Privater Straßenbau bringt Mehrkosten in Milliardenhöhe

Benötigte Zeit zum Lesen
1 Minute
Bisher gelesen

Privater Straßenbau bringt Mehrkosten in Milliardenhöhe

April 11, 2018 - 07:30
Veröffentlicht in:

Der Europäische Rechnungshof sieht - wie der Bundesrechnungshof - keine wesentlichen Vorteile bei ÖPP (öffentlich-private Partnerschaften) im Straßenbau.

Als Sparmodell gefeiert, zum Milliardengrab geworden - die ÖPP Projekte im Straßenbau. (Foto: CC0)

In einem vor kurzem veröffentlichten Bericht des Europäischen Rechnungshofs hatte dieser festgestellt, dass öffentliche-private Partnerschaften nicht als "wirtschaftlich tragfähige Option zur Verwirklichung öffentlicher Infrastrukturvorhaben angesehen werden" können. Damit ist nach dem Bundesrechnungshof der zweite, wichtige Rechnungshof zu dem Schluss gekommen, dass die öffentlich privaten nicht wirtschaftlich sind und den Steuerzahler erheblich belasten. Zu einem ähnlichen Ergebnis war bereits der Bundesrechnungshof 2014 gelangt.

Der Grund dafür ist einfach: Die Investoren erwarten eine maximale Rendite. Der Chef der Allianz Lebensversicherung, Markus Faulhaber, sagte vor einiger Zeit auf Nachfrage, dass er sehr gern investieren würde - für einen Zinssatz von sieben Prozent. Geld das der Steuerzahler aufbringen muss und dass in die Kassen der Investoren fließt. Der Bund würde zum gleichen Zeitraum für einen Zinssatz von rund einem Prozent finanzieren, könnte dann aber nicht die Schuldenbremse umgehen.

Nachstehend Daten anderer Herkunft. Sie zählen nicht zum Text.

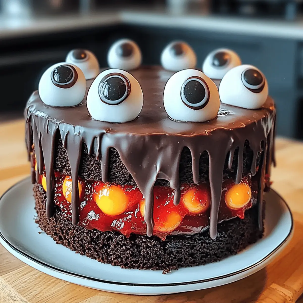 Einzigartiger Blickfang: Dieser Kuchen zieht garantiert alle Blicke auf sich! Die schaurigen essbaren Augen aus Fondant sind nicht nur dekorativ, sondern auch ein echtes Highlight auf jeder Halloween-Feier. Einfach zuzubereiten: Mit einfachen Zutaten und einer klaren Anleitung gelingt Ihnen dieser Kuchen im Handumdrehen – ideal auch für Backanfänger! Vielfältige Optionen: Variieren Sie die Füllungen nach Belieben, sei es mit Erdbeermarmelade oder einem köstlichen Kirschkompott für eine fruchtige Note. Für die ganze Familie: Ob für eine Kinderparty oder ein gruseliges Treffen mit Freunden, dieser Kuchen kommt bei Jung und Alt gut an. Lecker und lustig: Er vereint schokoladigen Genuss mit witzigem Design, was ihn perfekt für gesellige Anlässe macht. Lassen Sie sich auch von anderen leckeren Kreationen inspirieren, wie dem Zimtschnecken Cheesecake Rezept oder den Salz Karamell Cheesecake Brownies!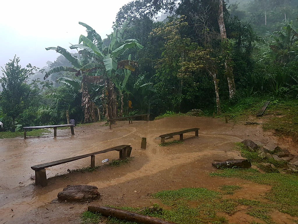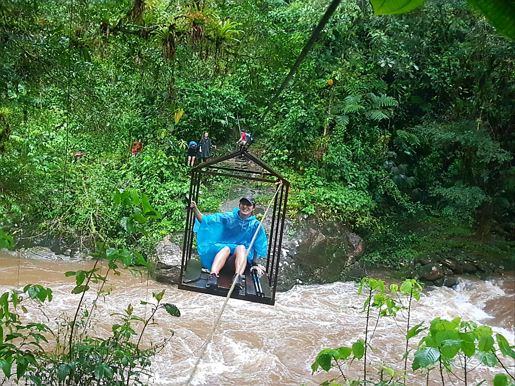 Da der Regen auch nach einer halben Stunde nicht nachgab, ging es eben mit Poncho weiter. Auch wenn unsere T-Shirts eh nicht mehr nasser werden konnten… Bald mussten wir den breiten Fluss Buritaca überqueren, der sich aufgrund des Niederschlags zu einem reißenden braunen Strom entwickelt hatte. Gut für uns, denn so kam die manuelle Seilbahn zum Einsatz, in der wir einer nach dem anderen über den Fluss gezogen wurden.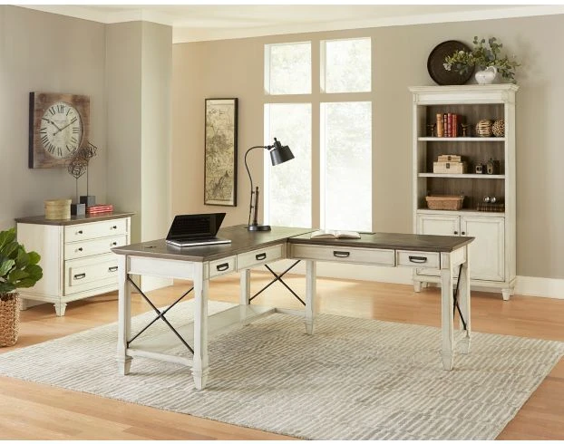 Increase your productivity with this bookcase. It features one fixed shelf, three adjustable shelves, and two doors. With its beautiful light two-toned finish, this bookcase will provide both style and plenty of space to work with.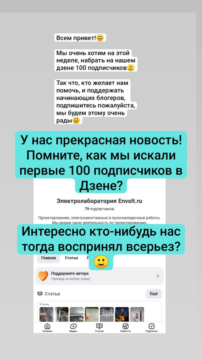 У нас прекрасная новость! Помните, как мы искали первые 100 подписчиков в Дзене? Интересно кто-нибудь нас тогда воспринял всерьез?) А сегодня наши видео набирают по 100 000 просмотров. Спасибо, что вы были с нами, весь этот путь 🔥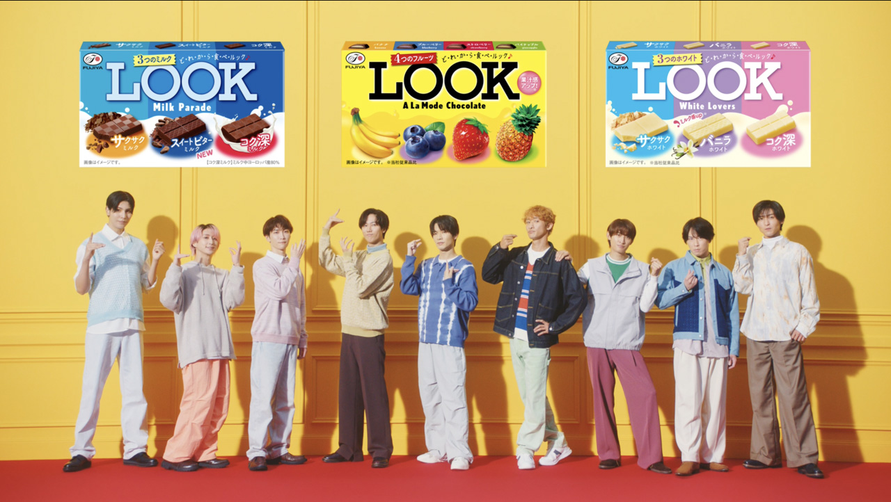 3つめは不二家公式XでのルックのSNSキャンペーン。こちらは、新CMの公開を記念したもので、2024年9月10日午前10時より、不二家公式X(旧Twitter)にて、「9週連続 #どれから食べルック キャンペーン」と題して行われる。不二家公式Xアカウントをフォローし対象の投稿をリポストするだけで、毎週100名様合計900人に「どれから食べルック?詰め合わせBOX」が当たる。さらに、キャンペーン第1弾では、対象のCM動画の合計リポスト数が5万リポストを達成すると、Snow Manのスペシャル動画が公開されるとのこと。詳細は公式ブランドサイト(https://www.fujiya-peko.co.jp/smileswitch/)にて。
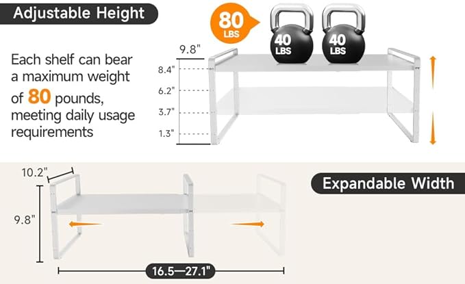 - Easy Installation and Stronger Build: The Cabinet Shelf Organizers are made of sturdy steel and coated with an eco-friendly finish that is rust-resistant, easy to clean, and prevents corrosion. The design includes additional support points on the sides for better stability and a weight capacity of up to 80 pounds.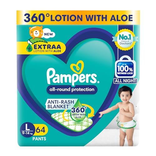 Pampers All Round Protection Pant Style Baby Diapers are available in New born (NB) Small (S) Medium (M) Large (L) X-Large (XL) XX-Large (XXL) XXX-Large (XXXL) sizes. NEW and IMPROVED Pampers all round protection pants have ANTI RASH BLANKET* containing Lotion with Aloe Vera to keep your baby skin protected from redness and rashes. Top quality diaper pants with Up to 100% WETNESS LOCK keeps the pee locked inside and baby's bum stays dry for ALL NIGHT. Air channels & stretchy belt provides your baby breathable airy fit comfortable even in summers. Pampers unique Magic gel technology provides up to 12 hours of dryness and has up to 2X faster absorption The new and improved design has an EXTRA SOFT material and a fit that adapts to baby movements for best comfort. Our pants with fun exterior graphics fun designs of characters and a delightful fresh Aloe fragrance ensures you enjoy every change with your baby (*Blanket refers to soft topsheet with lotion Helps prevent rash due to wetness after 1 day of usage based on clinical studies in USA 2000 2019)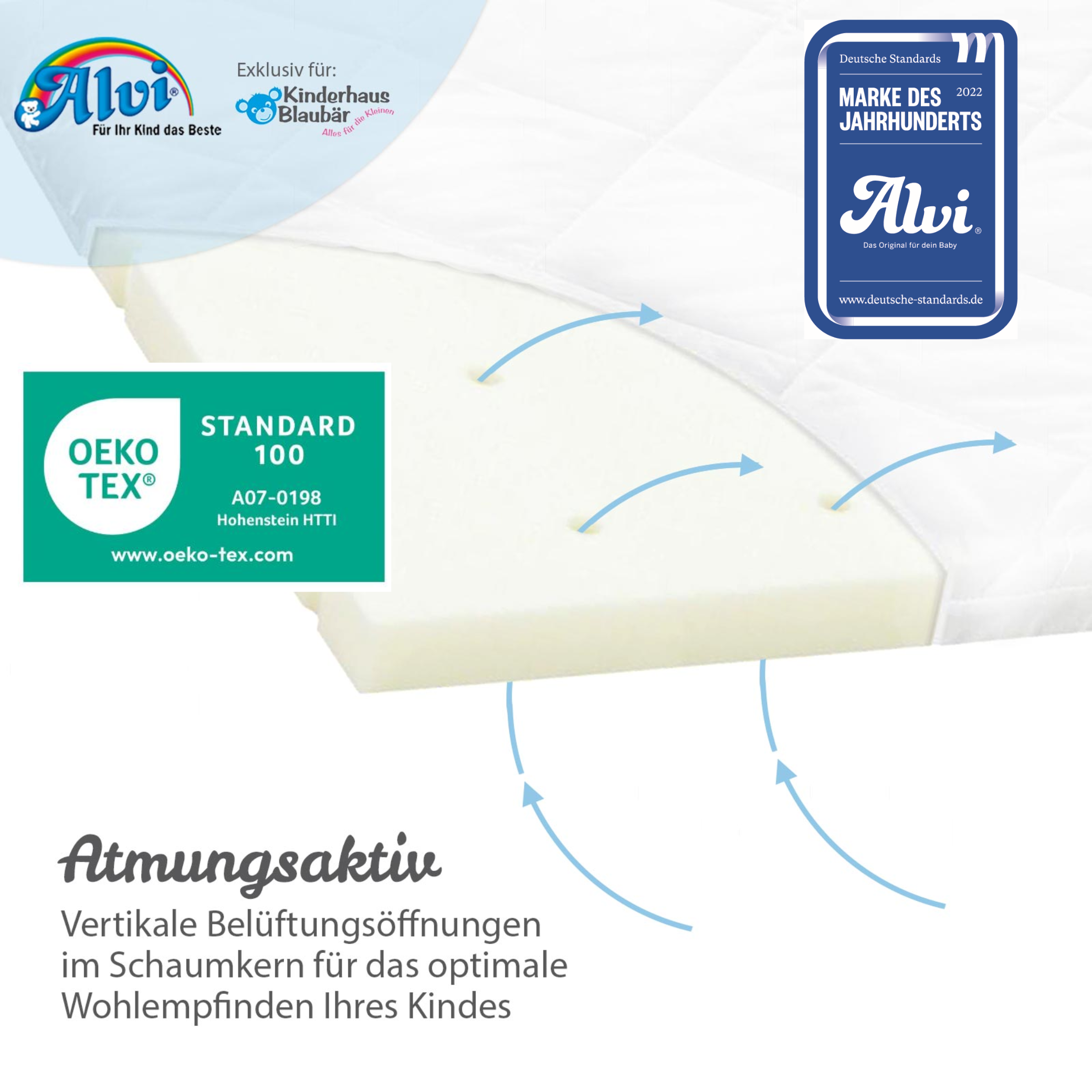 Die Alvi Matratze Alvimed Air überzeugt mit höchstem Schlafkomfort und durchdachter Klimaregulierung – perfekt für ein gesundes, hygienisches Schlafumfeld. Der 40 mm starke Schaumkern mit vertikalen Klimakanälen sorgt für eine optimale Luftzirkulation und ein angenehm trockenes Schlafklima – ideal, um Wärmestau und Feuchtigkeit zuverlässig zu vermeiden. Der hochwertige Tencel & Dry Bezug begeistert durch seine besondere Materialkombination: Er ist antiallergisch, hautsympathisch und bietet ein herausragendes Feuchtigkeitsmanagement. Dank der innovativen Tencel-Faser ist der Bezug sanft wie Seide, kühl wie Leinen und warm wie Wolle – perfekt für jede Jahreszeit. Zudem ist er waschbar bis 60°C, was höchste Hygiene und Frische garantiert. Mit einem Bezug aus 100% biologischen, schnell nachwachsenden Rohstoffen setzt die Alvimed Air Matratze auch in puncto Nachhaltigkeit neue Maßstäbe. Das Material besteht aus 66% Polyester und 34% Lyocell (Tencel), versteppt mit 100% Polyester-Hochbauschvlies, während die Unterseite aus 100% Baumwolle gefertigt ist – für ein natürliches, angenehmes Liegegefühl. Im Angebot enthalten ist eine kuschelige Baumwoll-Windel 100% Baumwolle.

Sollte es mit den geplanten Renditen nicht klappen, scheuen die Investoren auch nicht den Klageweg. So klagte das Konsortium A1 Mobil, verantwortlich für den Ausbau der A1 zwischen Bremen und Hamburg, auf 645.445.000 Euro Nachzahlung. Geld, das der Steuerzahler aufbringen muss. Dabei hatte Lutz Hoffmann, ein Direktor des Konsortiums, vorher immer behauptet, dass es keine späteren Nachforderungen geben würde.

Jetzt hat der Europäische Rechnungshof zwölf von der EU kofinanzierte Projekte in Frankreich, Griechenland, Irland und Spanien untersucht. Allein die fünf in Spanien und Griechenland geprüften ÖPP führten zu Mehrkosten in Höhe von 1,5 Milliarden Euro.

Mittlerweile fordert sogar der Zentralverband Deutsches Baugewerbe die Einstellung der ÖPP Projekte. Laut Aussagen des Hauptgeschäftsführers Felix Pakleppa „schränken ÖPP Projekte den Wettbewerb ein und schwächen die Vergabeposition der öffentlichen Hand. Der Zeitaufwand für die Vergabe ist wesentlich höher als bei konventionellen Vergaben. Hinzu kommen erhebliche Ineffizienzen in Form von Verzögerungen und Baukostensteigerungen."